Tuesday, March 24, 2009

I don't know how the Kindle will change my reading habits.

I mentioned this briefly last week, but it needs its own post. My dear friend and former housemate Joseph upgraded to a Kindle 2 last month, and was kind enough to pass his first-generation Kindle on to me.

It's already changing my life for the better, but I'm still trying to figure out its long-term implications.

First of all, I don't think I'm a typical Kindle user. I read more than most people do, and buy only a fraction of the books I read; publishers and authors send me review copies, and I'm also a moderate-to-heavy library user. I work at home, so don't read on buses or subways, and don't carry books around with me except when I'm traveling. (I do, however, carry books when I travel; I brought 20 paperbacks to New York, and have -- um -- nine with me on this trip to Washington. In my defense, five of those were in a box I picked up at the post office as I left town.)

In many ways, however, the Kindle was designed for me.
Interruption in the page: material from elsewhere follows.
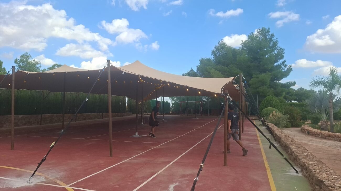 Su versatilidad permite cubrir espacios de distintas dimensiones, ofreciendo sombra y confort sin perder luminosidad ni ventilación. En este caso, el montaje se diseñó para albergar la zona del banquete y el área de baile, creando un entorno funcional y sofisticado para los invitados.
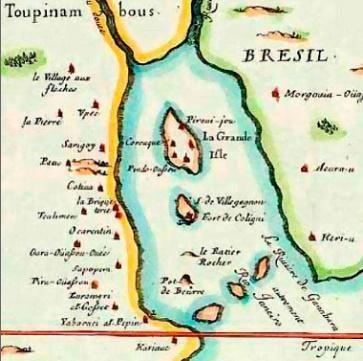 Em 1500, este território passou a fazer parte da cartografia econômica europeia de formas distintas. Os portugueses, por meio da catequização dos povos originários e uso de mão de obra escrava para geração de riquezas, e os franceses, que aqui aportarem em 1555, com objetivo inicial fixar uma colônia francesa e exploração do pau-brasil. Ao contrário dos portugueses, a relação com os Tupinambá foi amistosa e ultrapassou o escambo, gerando o nascimento de muitos descendentes franco-Tupinambás durante os doze anos dessa convivência.

My apartment, as you might imagine, overflows with books, manuscripts, and screenplays (I really need to figure out a way to recycle them; when I get home, I'll probably ask to borrow someone's Hatch Hill permit). If I can get review copies on the Kindle, I will.

I'm already uploading electronic manuscripts to the Kindle, so I will no longer need to ask clients to send me paper copies. Previously, I read the paper copy while I marked up the electronic version; it was too hard for me to read extended text on a computer screen, but the Kindle screen feels like reading words on a page instead of a screen. Just because of that, my Kindle will save some trees.

Beyond that, however, I'm not sure I'll buy any fewer books because of the Kindle. I like having signed first editions of books that are important to me, and I like giving books as gifts. Unlike most people I know, I'm a re-reader, and I also like to be able to take a book off a shelf to find a reference or make a point. (The Kindle's search function makes this easy, but then you lose the serendipity of the search, which I believe in.)

The immediate and major benefit of my Kindle is that I have a New Yorker subscription for the first time in about 15 years. I love the New Yorker, but couldn't keep up with it; because I took copies on trips and always thought I'd get to back issues eventually, I never threw them away. At least one of my moves in the mid-1990s may have been just to force myself to throw away my New Yorker stockpile. Now they all live on the Kindle, and I can read a single article without feeling guilty about wasting the rest of the magazine.

Anyone else have a Kindle yet? How has it changed your reading habits?

1 comment:

Anonymous said...

Take a look at Terry Gerritsen's blog of a few days ago. A publisher sent notification that they would no longer send printed galleys instead sending them electronically via a pdf file. Kindle technology fits that mold.